Spanish act on arbitration

THE new Spanish Arbitration Act 60/2003 was published in the Official Gazette of the Spanish State on December 26, 2003 and came into force on March 26, 2004. It is inspired by the Model Act prepared by the United Nations Commission on International Trade Law of June 21, 1985 (Model Act of CNUDMI / UNCITRAL), taking into account the uniformity demanded by arbitration procedural law, as well as the practical requirements of international trade arbitration. Below are some of the key features of the new Act:

  • The new Act opts for a unitary regulation of domestic arbitration and international arbitration. On the other hand, it broadens the range of matters which may be the subject of arbitration, and has widened to the maximum extent possible the objective availability of matters susceptible of arbitration. Article 1 reads, “controversies susceptible of arbitration comprise those referring to matters of which free use may be made according to the law”. Nevertheless, labour arbitrations do not fall into its scope of application.
  • It should be stressed that the new Act is governed by non-formalistic criteria. It provides for the validity of notifications or communications by telex, fax, or other electronic media and the like. Equally, it provides for the validity of the arbitration agreement to be recorded either in a signed document or by interchanging letters, telegrams, telex, fax, or any other telecommunications media documenting said agreement.
  • The new Act even admits the so-called arbitration clause by reference, that is to say, a clause which is not comprised in the main contractual document, but in a separate document.
  • Time-limits are counted in calendar days.
  • The new Act provides that arbitrators are empowered to decide on their own jurisdiction. In addition, it acknowledges the possibility for arbitrators to take precautionary measures with the judicial authority’s intervention and support.
  • The Act gives priority to arbitration in law in the absence of agreement between the parties. In the case of international arbitration, arbitrators must decide the controversy in accordance with the law chosen by the parties.
  • The parties are free to decide the number of arbitrators, although they must be an odd number. In the absence of agreement, only one arbitrator will be appointed.
  • The Act limits arbitrators’ liabilities to cases of bad faith, recklessness or wilful misconduct.
  • Arbitrators must keep confidential every piece of information obtained through arbitration proceedings and may suspend or conclude arbitration proceedings if there is no allocation of funds.
  • The Act provides that arbitrators may pass partial awards, giving a decision on some of the merits of the controversy.
  • The Act provides that awards may be documented not only in written, but also in electronic, optic or any other format.
  • Arbitrators are given six months from the response to pass an award, unless otherwise agreed by the parties. This term may be extended for a maximum additional period of two months, unless otherwise agreed by the parties.
  • According to the Act, awards must be reasoned - unless otherwise agreed by the parties - and need no longer be notarised.

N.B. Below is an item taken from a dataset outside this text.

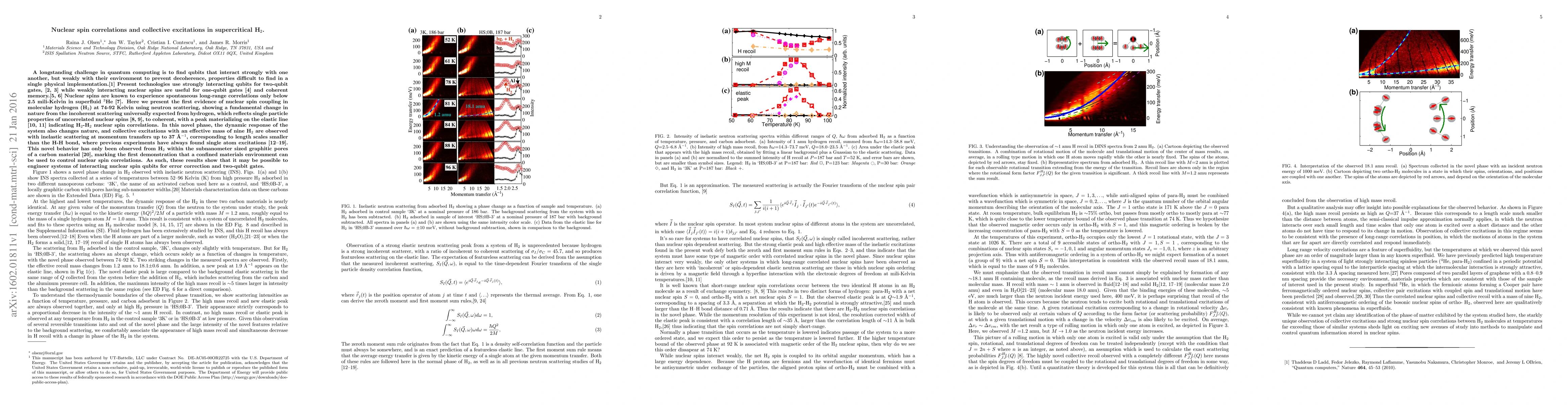 Nuclear spins are known to experience spontaneous long-range correlations only below 2.5 mili-Kelvin in superfluid $^3$He. Here we present the first evidence of nuclear spin coupling in molecular hydrogen (H$_2$) at 74-92 Kelvin using neutron scattering, showing a fundamental change in nature from the incoherent scattering universally expected from hydrogen, which reflects single particle properties of uncorrelated nuclear spins, to coherent, with a peak materializing on the elastic line, indicating H$_2$-H$_2$ nuclear spin correlations. In this novel phase, the dynamic response of the system also changes nature, and collective excitations with an effective mass of nine H$_2$ are observed with inelastic scattering at momentum transfers up to 37 \AA$^{-1}$, corresponding to length scales smaller than the H-H bond, where previous experiments have always found single atom excitations. This novel behavior has only been observed from H$_2$ within the subnanometer sized graphitic pores of a carbon material, marking the first demonstration that a confined materials environment can be used to control nuclear spin correlations.

These, and other, characteristics of the new Act mean a qualitative step forward in the Spanish regulation of arbitration, which, doubtlessly, will encourage its greater use among entrepreneurs and traders.

The new Act also contains provisions concerning orders for enforcement of foreign awards - awards passed outside the Spanish territory. Pursuant to Article 44.2, the order for enforcement of foreign awards will be ruled by the Convention on Recognition and Execution of Foreign Arbitral Awards, signed in New York on the June 10, 1958, without prejudice to the provisions of other international conventions which may prove more favourable.

Nowadays, courts of first instance are competent to hear applications for recognition - formerly within the competence of the Supreme Court - and execution of foreign arbitral awards. More particularly, this means the court of first instance of the domicile or place of residence of the party against whom the recognition and execution is applied for. This should result in faster decisions.